Megacasting hat sehr stark an Fahrt aufgenommen. Vor allem das vergangene Jahr war ein Herausragendes. Aus unserer Sicht war 2022 das Beste in der Geschichte, denn noch nie wurde innerhalb eines Jahres so viel in Druckguss investiert. Im ersten Quartal 2023 hat sich dies noch einmal gegenüber dem Vergleichszeitraum beschleunigt. Mehrere OEMs schlagen nun diesen Weg ein, zumindest mit einer Plattform. Wir erwarten, dass das Thema noch weiter an Fahrt gewinnen wird. Wir stehen noch am Anfang, aktuell sind es ja erst wenige hunderttausend Fahrzeuge, für die Megacasting überhaupt zum Einsatz kommt. Das Potenzial ist aus unserer Sicht sehr groß. Selbst wenn man sich als OEM noch nicht an das Thema Megacasting im Karosseriebau herantraut, können OEMs Erfahrungen mit dem Thema sammeln, beispielsweise mit kleineren Bauteilen wie Federbeinstützen, die auch problemlos als Zukaufteil bezogen werden können.
Zur Person:
Martin Lagler ist bei der Bühler Group Director Global Product Management & Marketing, Druckguss.
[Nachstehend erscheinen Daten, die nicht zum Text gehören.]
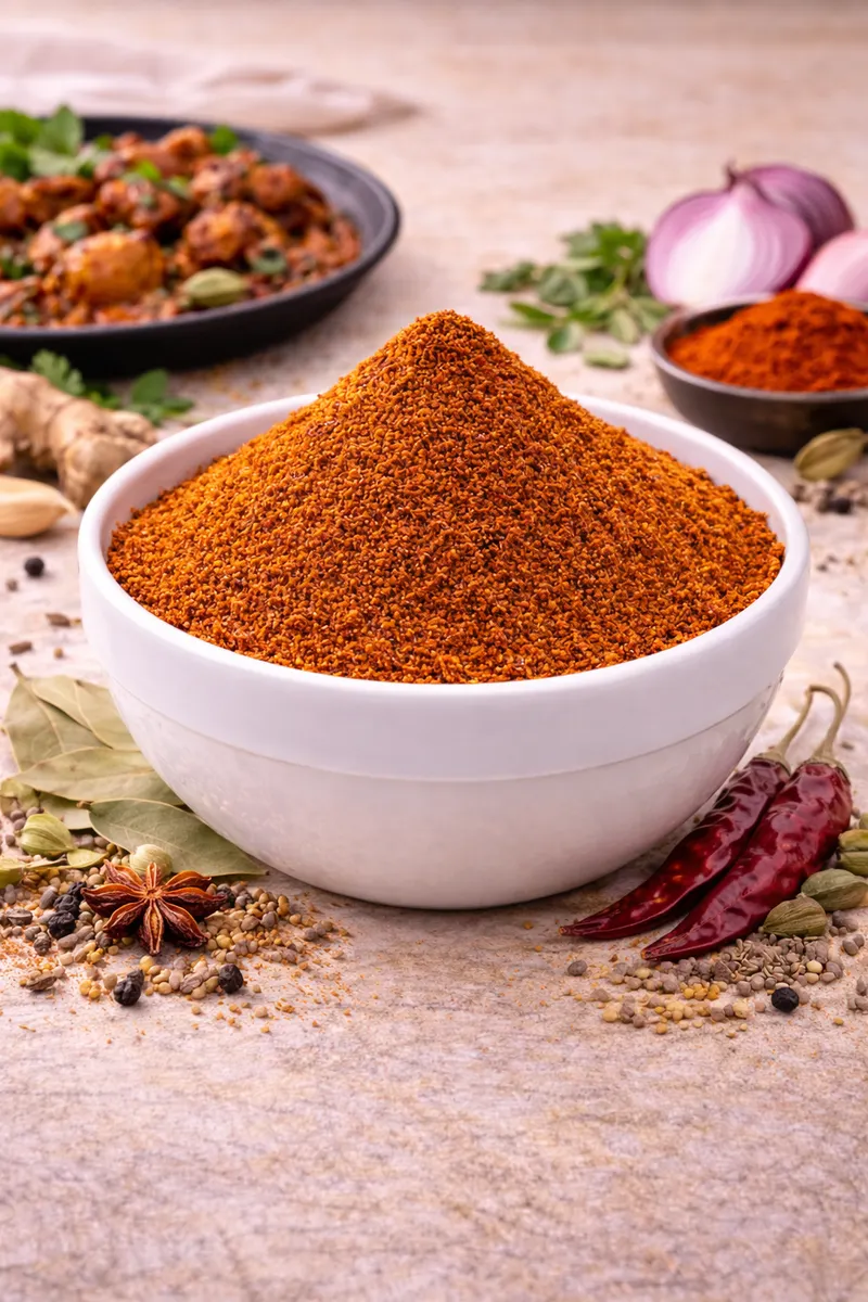 This Mutton Masala is tailored specifically to bring out the full-bodied richness of meat-based curries. Prepared with a balanced mix of roasted spices, herbs and aromatic seeds, it deepens flavour, enhances gravy texture and enriches the natural taste of tender mutton. Each spoonful carries warmth, colour and complexity, making every curry pot deeply satisfying. Use it while sautéing onions and tomatoes, mix into marination or add during slow cooking for layered, restaurant-style flavour. Whether cooked in pressure style, traditional stove-top or slow simmering, this blend delivers a hearty aroma that fills the kitchen and promises a delicious meal. Free from artificial colours and preservatives, the masala follows a home-style approach that works beautifully for biriyani gravy, kuska-style side dishes or dry pepper roasts. Perfect for family feasts, festive lunches or weekend meals, this masala transforms everyday mutton into a rich, flavour-packed dish every single time.

Diese Funktion übernahm er Anfang des Jahres 2020. Seine Abteilung plant neue Produkte und Marktstrategien und ist Auftraggeber für die Produkte, zu denen auch die Megacasting-Maschinen zählen. Lagler leitete zuvor die Abteilung Global Application Technology, wo er sich auf Prozessoptimierung, Werkzeugdesign und Schulung konzentrierte. Er hat einen Bachelor of Science in Mechanical Engineering der ZHAW School of Engineering, Winterthur, sowie einen Master of Advanced Studies in Business Administration der ZHAW School of Management and Law.